-- Record excerpts follows --
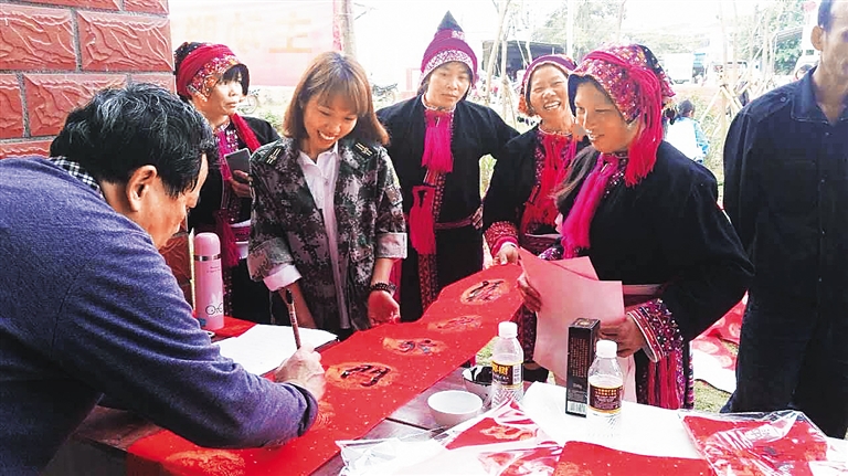 下午,不少村民早早换上了民族服饰,赶到了举办活动的青松乡政府。书画家们也没来得及收拾奔波的劳累,一下车就准备好笔墨砚台开始挥毫。“霸王岭下迎佳节,扶贫路上奔小康。”“一年四季行好运,八方财宝进家门”,书画家们在用春联为村民们送祝福的同时,也送上了脱贫致富的美好祝愿。
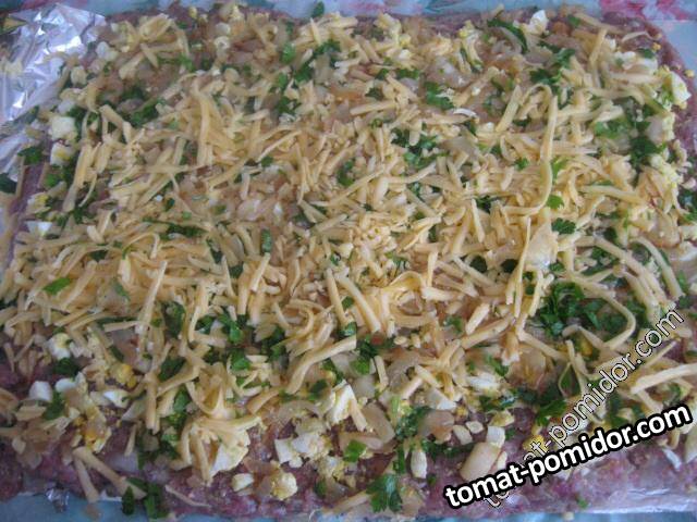 Запеченный батон из фарша, с начинкой из яиц, лука,яблок и сыра
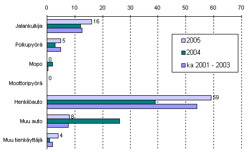 Tieliikenteessä kuolleet tienkäyttäjäryhmän mukaan tammi-maaliskuussa 2005
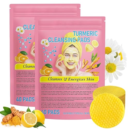 2Pack Turmeric Cleansing Pads, Turmeric Cleansing Pads Helps Balance Skin Oil And Water, Remove Excess Keratin From The Body'S Skin,Turmeric Cleansing Pads for Face & Body(80PCS)…
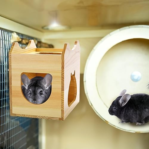 Made of natural timber, offering security and fun for chinchillas and small pets, dispelling boredom and promoting their well-being. Our small animal houses and hideouts are a quiet place for pets to hide, sleep, and relax.
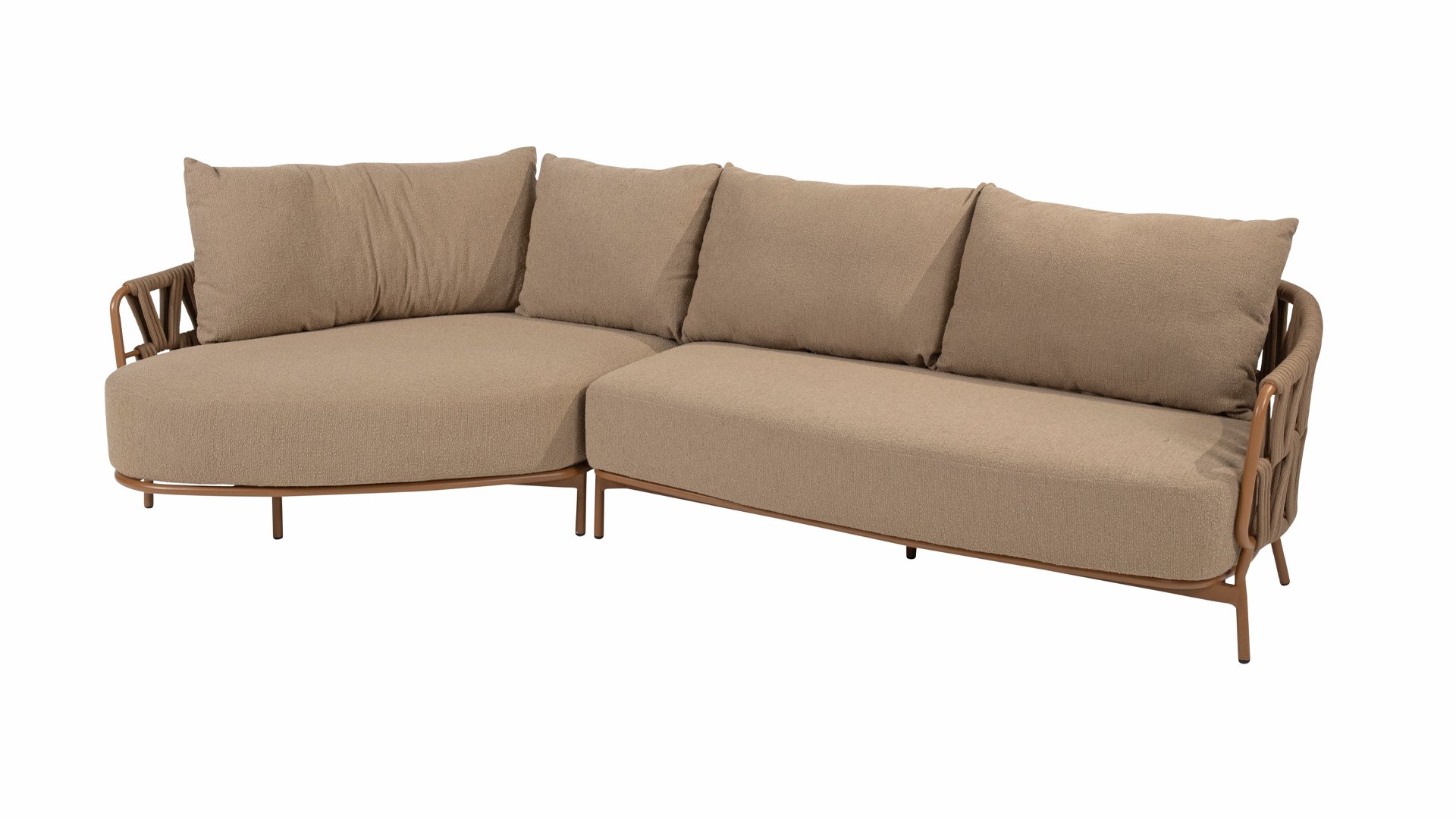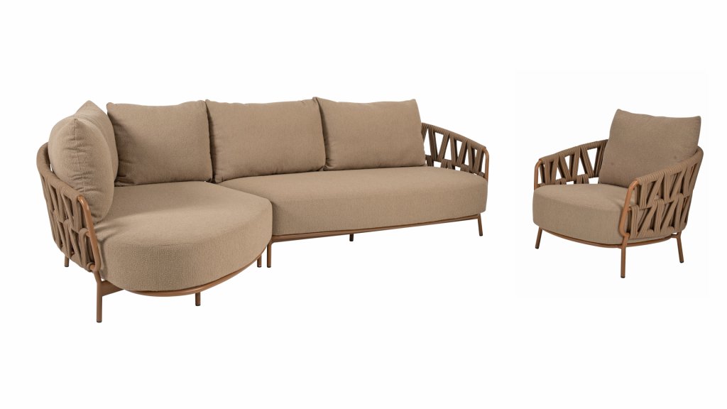 Het stevige frame is vervaardigd uit gepoedercoat aluminium in een warme aardetint, gecombineerd met opvallend dik Rope vlechtwerk. Deze ambachtelijke afwerking geeft de Biarritz serie een robuuste maar toch verfijnde uitstraling. De ruime zittingen, dikke kussens en zachte texturen maken deze lounge tot een luxueuze plek om lange zomerdagen door te brengen.
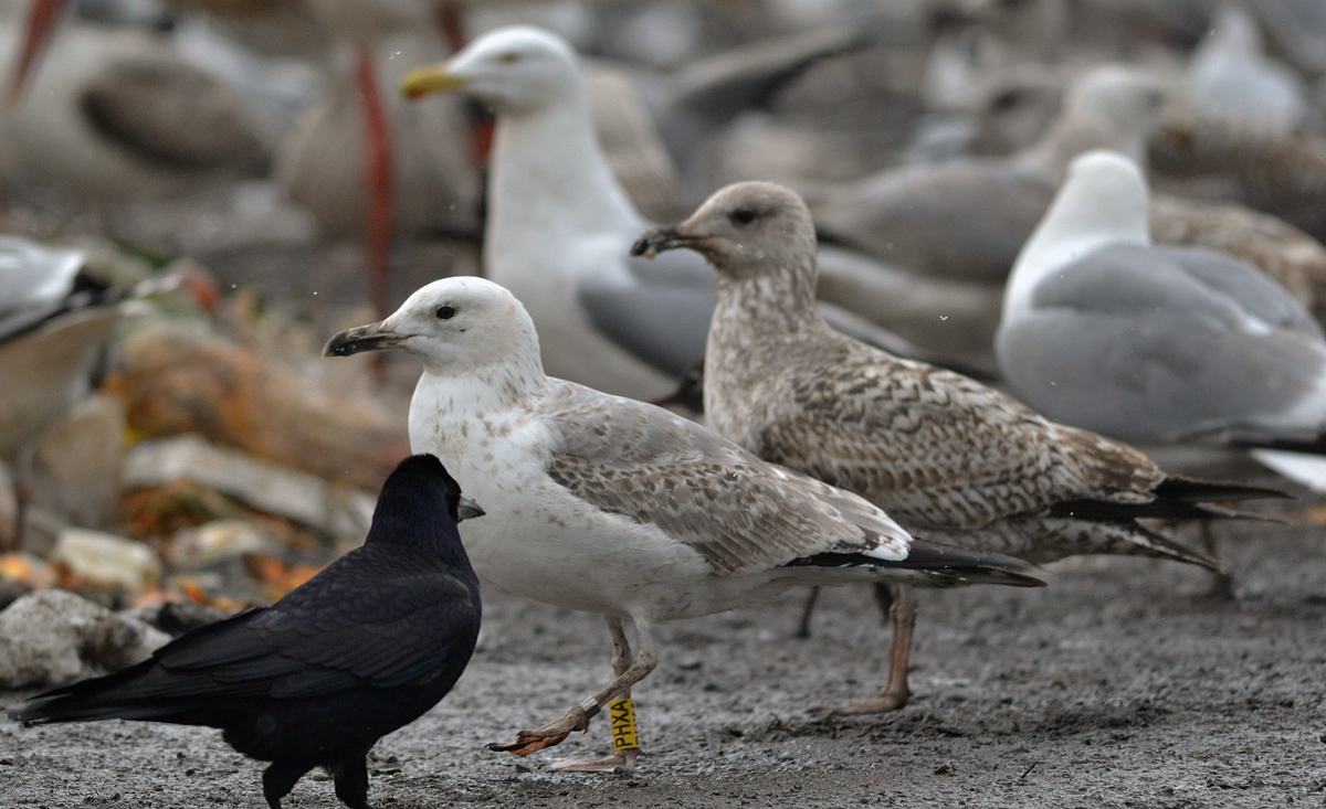 Larus cachinnans 3CY PHXA February-March 2013, Deponie Pohlsche Heide - Minden, Germany (52°23'05N, 08°46'45E). Picture: Armin Deutsch. Yellow PHXA and metal PLG DN-27607; ringed as pullus on May 26 2011 at Kozielno, Paczkow, S-SW Poland, (50°29' N, 16°58' E). Recoveries:
-- Record excerpts concluded --
Exercise details
No picture is to appear in the copy; every entry above is otherwise to be printed verbatim.

Solution to the problem
 下午,不少村民早早换上了民族服饰,赶到了举办活动的青松乡政府。书画家们也没来得及收拾奔波的劳累,一下车就准备好笔墨砚台开始挥毫。“霸王岭下迎佳节,扶贫路上奔小康。”“一年四季行好运,八方财宝进家门”,书画家们在用春联为村民们送祝福的同时,也送上了脱贫致富的美好祝愿。
 Запеченный батон из фарша, с начинкой из яиц, лука,яблок и сыра
 Tieliikenteessä kuolleet tienkäyttäjäryhmän mukaan tammi-maaliskuussa 2005
 2Pack Turmeric Cleansing Pads, Turmeric Cleansing Pads Helps Balance Skin Oil And Water, Remove Excess Keratin From The Body'S Skin,Turmeric Cleansing Pads for Face & Body(80PCS)…
 Made of natural timber, offering security and fun for chinchillas and small pets, dispelling boredom and promoting their well-being. Our small animal houses and hideouts are a quiet place for pets to hide, sleep, and relax.
 Het stevige frame is vervaardigd uit gepoedercoat aluminium in een warme aardetint, gecombineerd met opvallend dik Rope vlechtwerk. Deze ambachtelijke afwerking geeft de Biarritz serie een robuuste maar toch verfijnde uitstraling. De ruime zittingen, dikke kussens en zachte texturen maken deze lounge tot een luxueuze plek om lange zomerdagen door te brengen.
 Larus cachinnans 3CY PHXA February-March 2013, Deponie Pohlsche Heide - Minden, Germany (52°23'05N, 08°46'45E). Picture: Armin Deutsch. Yellow PHXA and metal PLG DN-27607; ringed as pullus on May 26 2011 at Kozielno, Paczkow, S-SW Poland, (50°29' N, 16°58' E). Recoveries:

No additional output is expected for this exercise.